Temporary disk space requirements beyond final image size

A pull genuinely requires more temporary disk space than the final image's own reported size, since compressed layer downloads need space before extraction, and the extracted, uncompressed content needs additional space alongside the still-present compressed download before the temporary download data is eventually cleaned up:

df -h
docker pull large-image:latest

A pull failing with a disk space error on a host that appears to have just barely enough free space for the final image's reported size is a common, specific symptom of this temporary space requirement not having been accounted for; a host should generally have meaningfully more free space available than just the final image size alone to safely accommodate a pull's full process.

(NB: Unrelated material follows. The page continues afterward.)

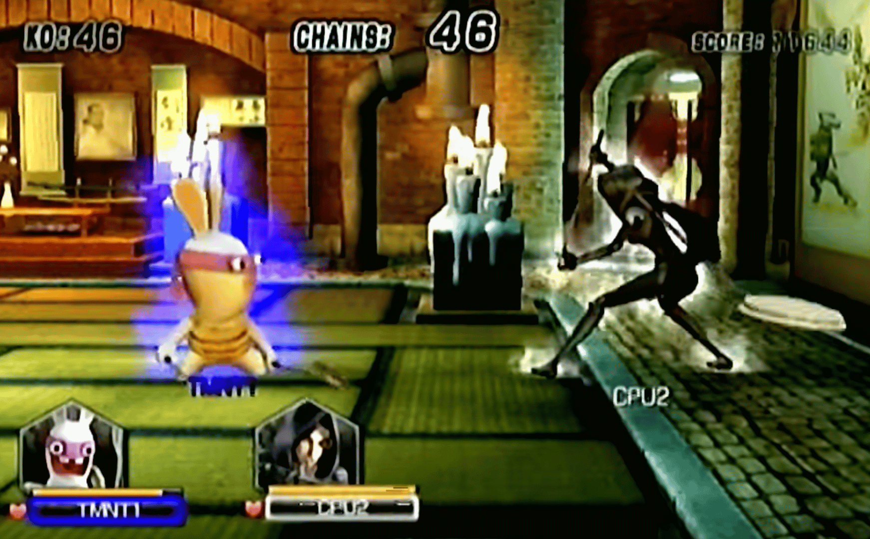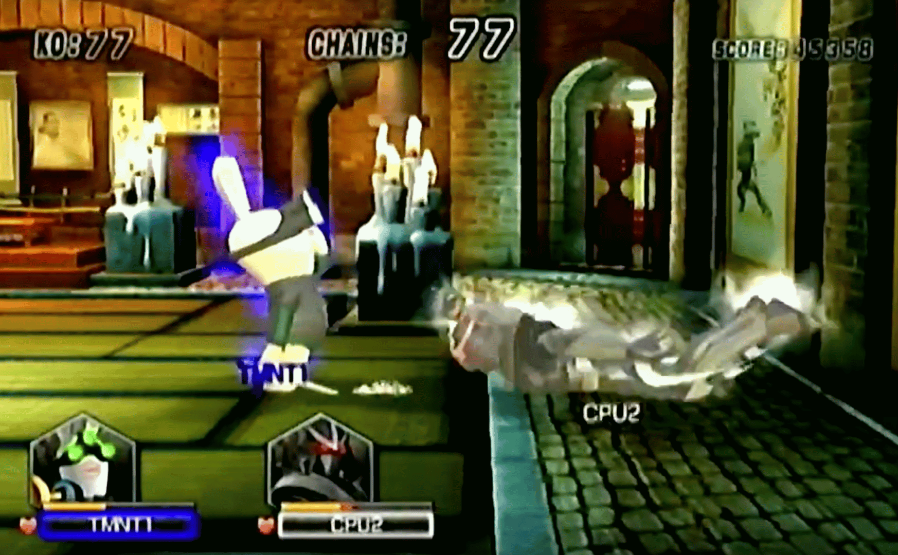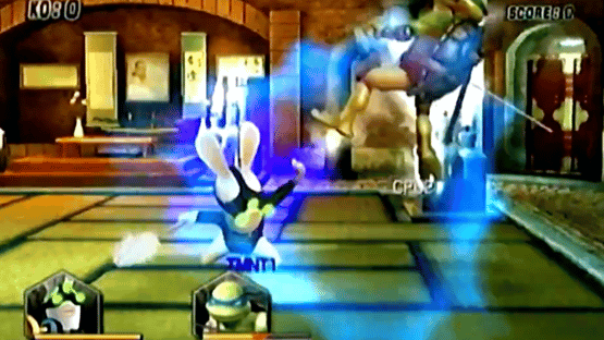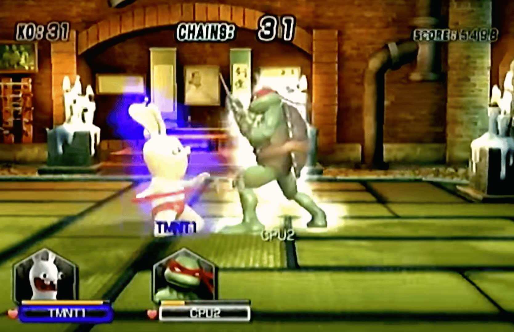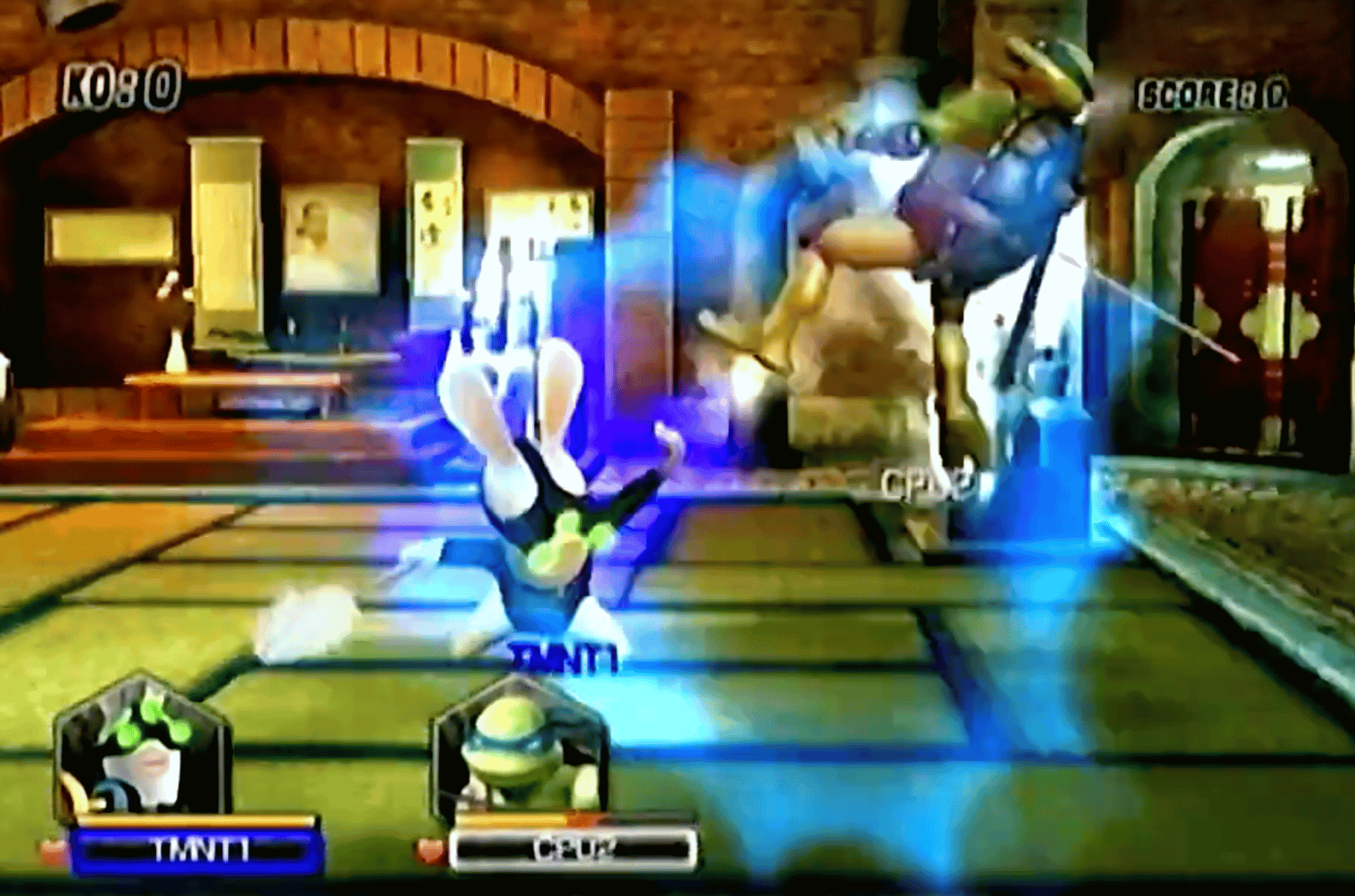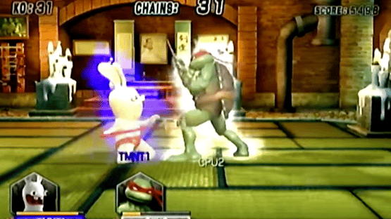 Teenage Mutant Ninja Turtles: Smash-Up is a fighting video game for the Wii and PlayStation 2 video game consoles. It was developed by Game Arts in cooperation with Mirage Studios and released by Ubisoft in celebration of the 25th anniversary of the Teenage Mutant Ninja Turtles in 2009. The game is a 4-player 2.5D fighting game, similar to the Super Smash Bros. series. During battle, players attempt to KO opponents by depleting their life bar, knocking them off the stage or into traps.Characters are color-coded on-screen via a glow effect to help players keep track of their character (a feature that can be toggled on and off in the options screen). Like Super Smash Bros., the game features many customizable options for battles.The game stresses interaction with the environment, and stages in the game feature traps, changes to the stage itself and interactive elements. The gameplay system also features items, including life-restoring pizza and ninja skills that grant players special abilities like fire breathing and electrical shields. The modes for this game are Arcade, Battle Royal, Survival, Tournament, Swap-Out, Practice, and Mission Mode, as well as an online mode for four players and mini-games. Players can collect 'shells' during battles or mini-games and use them to unlock special features, including trophies that other players can win in online tournaments. Arcade mode features animated cut scenes illustrated by Mirage Studios artists.

Cleanup of temporary pull artifacts

Once a pull completes successfully, any genuinely temporary, intermediate artifacts from the download and extraction process are cleaned up automatically; a pull that fails partway through, however, can occasionally leave partial, orphaned data behind that a subsequent docker system prune or daemon restart typically resolves:

docker system df
docker system prune

Checking disk usage after a failed or interrupted pull, and running a prune if unexpectedly high usage persists, addresses this occasional cleanup gap directly.

Common mistakes

  • Assuming a host with just barely enough free space for an image's final reported size has sufficient capacity for the pull process, without accounting for the additional temporary space genuinely required during download and extraction.
  • Not adjusting daemon-level concurrency settings when pull speed genuinely needs tuning, either to take advantage of ample available bandwidth or to avoid saturating genuinely constrained capacity.
  • Expecting Docker itself to provide direct, built-in bandwidth throttling for pulls, rather than recognizing this requires host-level traffic shaping or infrastructure-level policy instead.
  • Not recognizing that a pull's bottleneck can genuinely shift between network-bound download and disk-and-CPU-bound extraction within the same overall operation.
  • Not checking for and cleaning up orphaned temporary artifacts after a failed or interrupted pull, leaving unexpected disk usage unaddressed.

Pull image download mechanics involve daemon-configurable concurrency, automatic per-layer digest verification as a structural property of the process, a storage-driver-mediated extraction step distinct from the network-bound download step, and a genuine temporary disk space requirement beyond the final image's reported size, all of which matter for correctly diagnosing pull performance and disk space issues beyond what the CLI command's own flags and basic progress output alone reveal.